JOURNAL ARTICLE
MULTICENTER STUDY
RANDOMIZED CONTROLLED TRIAL

B-vitamin levels and genetics of hyperhomocysteinemia are not associated with arterial stiffness

S C van Dijk, A W Enneman, J van Meurs, K M A Swart, A H Ham, J P van Wijngaarden, E M Brouwer-Brolsma, N L van der Zwaluw, N M van Schoor, R A M Dhonukshe-Rutten, L C P G M de Groot, P Lips, A G Uitterlinden, H Blom, J M Geleijnse, E Feskens, R T de Jongh, Y M Smulders, A H van den Meiracker, F U S Mattace-Raso, N van der Velde
Nutrition, Metabolism, and Cardiovascular Diseases: NMCD 2014, 24 (7): 760-6
24656138

BACKGROUND AND AIMS: Hyperhomocysteinemia is associated with arterial stiffness, but underlying pathophysiological mechanisms explaining this association are to be revealed. This study was aimed to explore two potential pathways concerning the one-carbon metabolism. A potential causal effect of homocysteine was explored using a genetic risk score reflecting an individual's risk of having a long-term elevated plasma homocysteine level and also associations with B-vitamin levels were investigated.

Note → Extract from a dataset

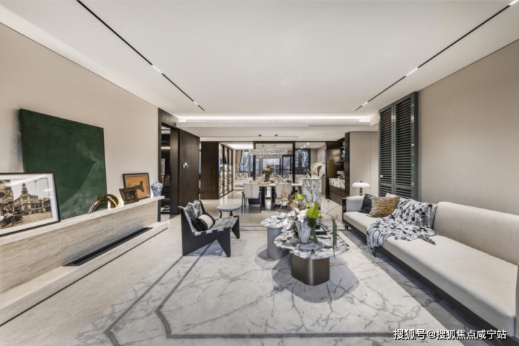 更在样板间内使用宝格丽奢石、水波纹奢境、流光纹奢板等,呈现出现代、美观、大气的海派奢适归心。

METHODS AND RESULTS: Baseline cross-sectional data of the B-PROOF study were used. In the cardiovascular subgroup (n = 567, 56% male, age 72.6 ± 5.6 yrs) pulse wave velocity (PWV) was determined using applanation tonometry. Plasma concentrations of vitamin B12, folate, methylmalonic acid (MMA) and holo transcobalamin (holoTC) were assessed and the genetic risk score was based on 13 SNPs being associated with elevated plasma homocysteine. Associations were examined using multivariable linear regression analysis. B-vitamin levels were not associated with PWV. The genetic risk score was also not associated with PWV. However, the homocysteine-gene interaction was significant (p < 0.001) in the association of the genetic risk score and PWV. Participants with the lowest genetic risk of having long-term elevated homocysteine levels, but with higher measured homocysteine levels, had the highest PWV levels.

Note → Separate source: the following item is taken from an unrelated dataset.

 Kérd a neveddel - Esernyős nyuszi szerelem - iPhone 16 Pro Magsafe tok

CONCLUSION: Homocysteine is unlikely to be causally related to arterial stiffness, because there was no association with genetic variants causing hyperhomocysteinemia, whereas non-genetically determined hyperhomocysteinemia was associated with arterial stiffness. Moreover, the association between homocysteine and arterial stiffness was not mediated by B-vitamins. Possibly, high plasma homocysteine levels reflect an unidentified factor, that causes increased arterial stiffness.